News Release

Babies at risk for diabetes may have microbiota restored

Maternal microbiota transplant may help restore key gut microorganisms, Rutgers study finds

Peer-Reviewed Publication

Rutgers University

Martin Blaser, Rutgers University

image: Martin Blaser, director of the Center for Advanced Biotechnology and Medicine at Rutgers view more 

Credit: Rutgers University

Newborns at risk for Type 1 diabetes because they were given antibiotics may have their gut microorganisms restored with a maternal fecal transplant, according to a Rutgers study.

The study, which involved genetic analysis of mice, appears in the journal Cell Host & Microbe.

The findings suggest that newborns at risk for Type 1 diabetes because their microbiome - the trillions of beneficial microorganisms in and on our bodies - were disturbed can have the condition reversed by transplanting fecal microbiota from their mother into their gastrointestinal tract after the antibiotic course has been completed.

Type 1 diabetes is the most common autoimmune disease in childhood.
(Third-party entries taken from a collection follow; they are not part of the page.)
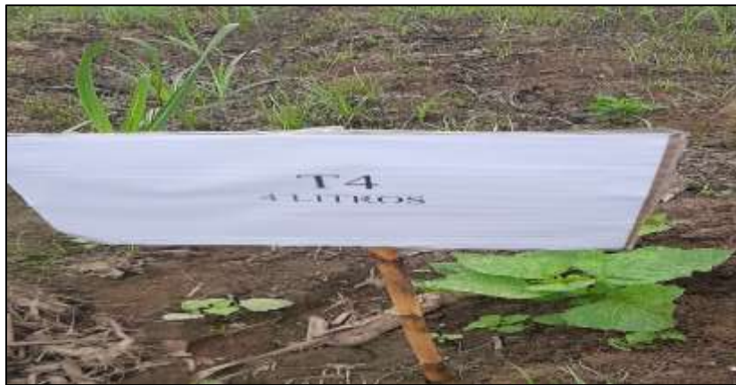
Figura 13. Cuarto tratamiento pre aplicación.
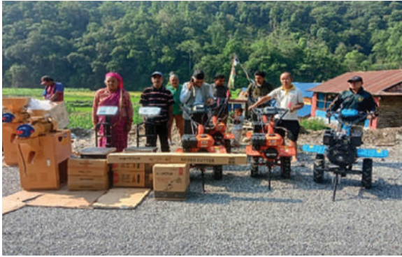
सुन्दरबजार नगरपालिका, लमजुङ्ग - कृषि सामग्री वितरण
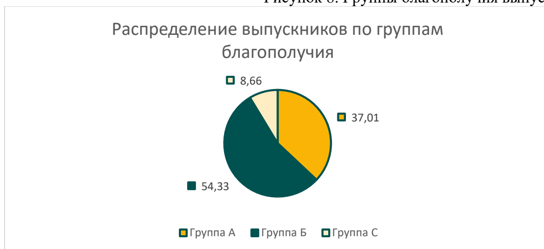
Рисунок 8. Группы благополучия выпускников (%).

На основе данной классификации мы рассмотрели уровень удовлетворенности жизнью, учебной работой и получили следующие результаты:
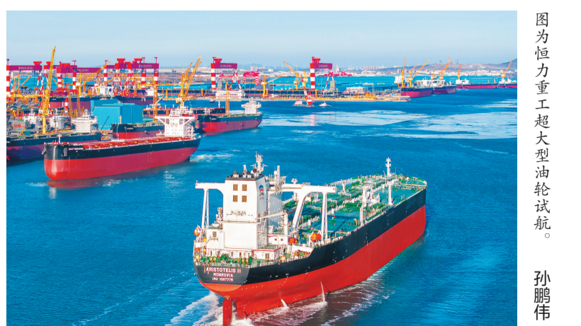
图为恒力重工超大型油轮试航。
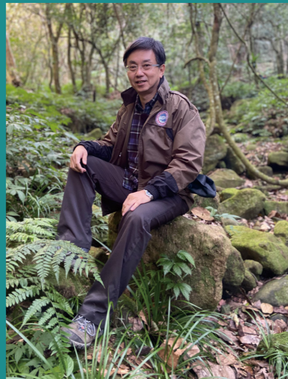
林業保育署林華慶署長於賽夏族秘境

森林療癒亦可促進林地活化與多元運用，山村、部落社區居民尤其適合擔任森林療癒師，除了能運用最熟悉的自有與週邊林地規劃作為森林療
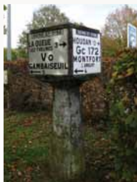
Borne Michelin à Grosrouvre

Néanmoins, quelques-unes sont encore visibles dans certaines communes du Parc comme à Choisel, Bullion, Rochefort-en-Yvelines et Grosrouvre.

"Our previous work has shown that exposing young animals to antibiotics perturbs the microbiome, which may change age-associated immunity and organ-specific inflammation, increasing risk of immune-mediated diseases," said co-author Martin Blaser, director of the Center for Advanced Biotechnology and Medicine at Rutgers.

The study compared mice that were exposed to antibiotics between days 5 and 10 of life and given a transplant of maternal microbiota up to a week later, and those that were not. The researchers found that the mice given the transplant had their microbiome partially restored and their diabetes risk brought back to the baseline level.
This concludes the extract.